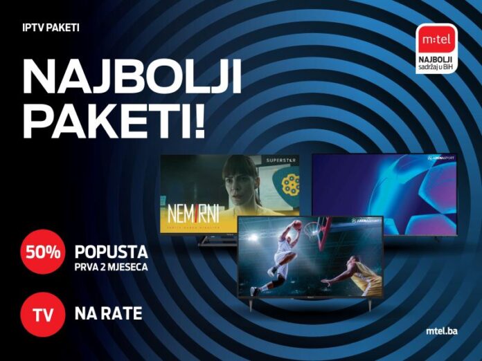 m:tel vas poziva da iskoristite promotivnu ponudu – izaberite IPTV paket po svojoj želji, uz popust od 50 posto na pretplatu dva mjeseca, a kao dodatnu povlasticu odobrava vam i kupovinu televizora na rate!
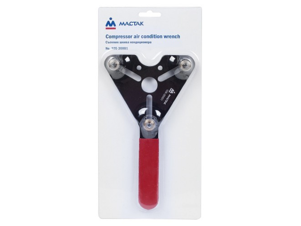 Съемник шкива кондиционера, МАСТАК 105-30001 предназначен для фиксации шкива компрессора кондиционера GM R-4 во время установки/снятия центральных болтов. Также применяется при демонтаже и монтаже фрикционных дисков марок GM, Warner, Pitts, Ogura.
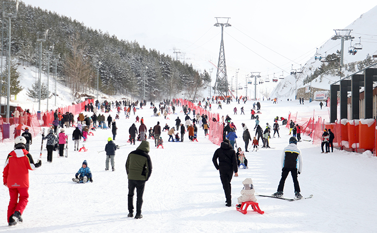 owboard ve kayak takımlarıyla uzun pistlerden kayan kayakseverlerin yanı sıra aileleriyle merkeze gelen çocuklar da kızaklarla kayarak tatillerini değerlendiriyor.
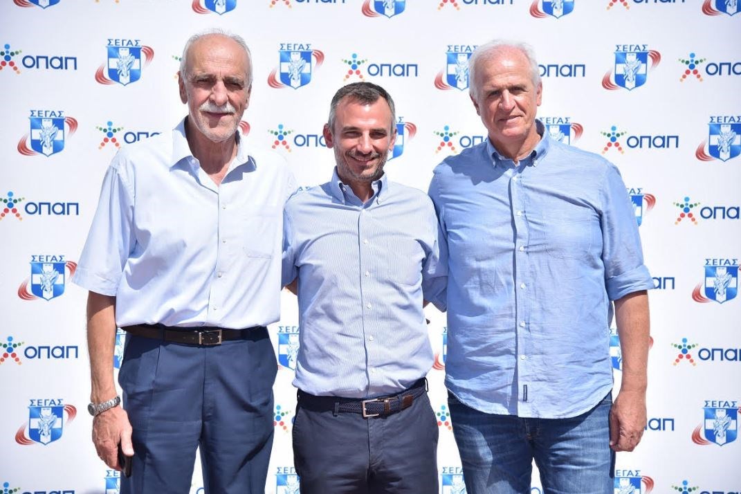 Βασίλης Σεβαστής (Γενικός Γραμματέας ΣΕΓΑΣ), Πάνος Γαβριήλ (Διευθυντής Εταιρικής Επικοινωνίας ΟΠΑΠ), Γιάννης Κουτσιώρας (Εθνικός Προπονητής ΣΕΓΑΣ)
_ _ _ _ _ _ _
Goal of the exercise - The answer must be an exact copy of the lines from the one with "owboard ve kayak" through the final line above, both ends included, and nothing else; pictures stay out.

Solution to this exercise -
 owboard ve kayak takımlarıyla uzun pistlerden kayan kayakseverlerin yanı sıra aileleriyle merkeze gelen çocuklar da kızaklarla kayarak tatillerini değerlendiriyor.
 Βασίλης Σεβαστής (Γενικός Γραμματέας ΣΕΓΑΣ), Πάνος Γαβριήλ (Διευθυντής Εταιρικής Επικοινωνίας ΟΠΑΠ), Γιάννης Κουτσιώρας (Εθνικός Προπονητής ΣΕΓΑΣ)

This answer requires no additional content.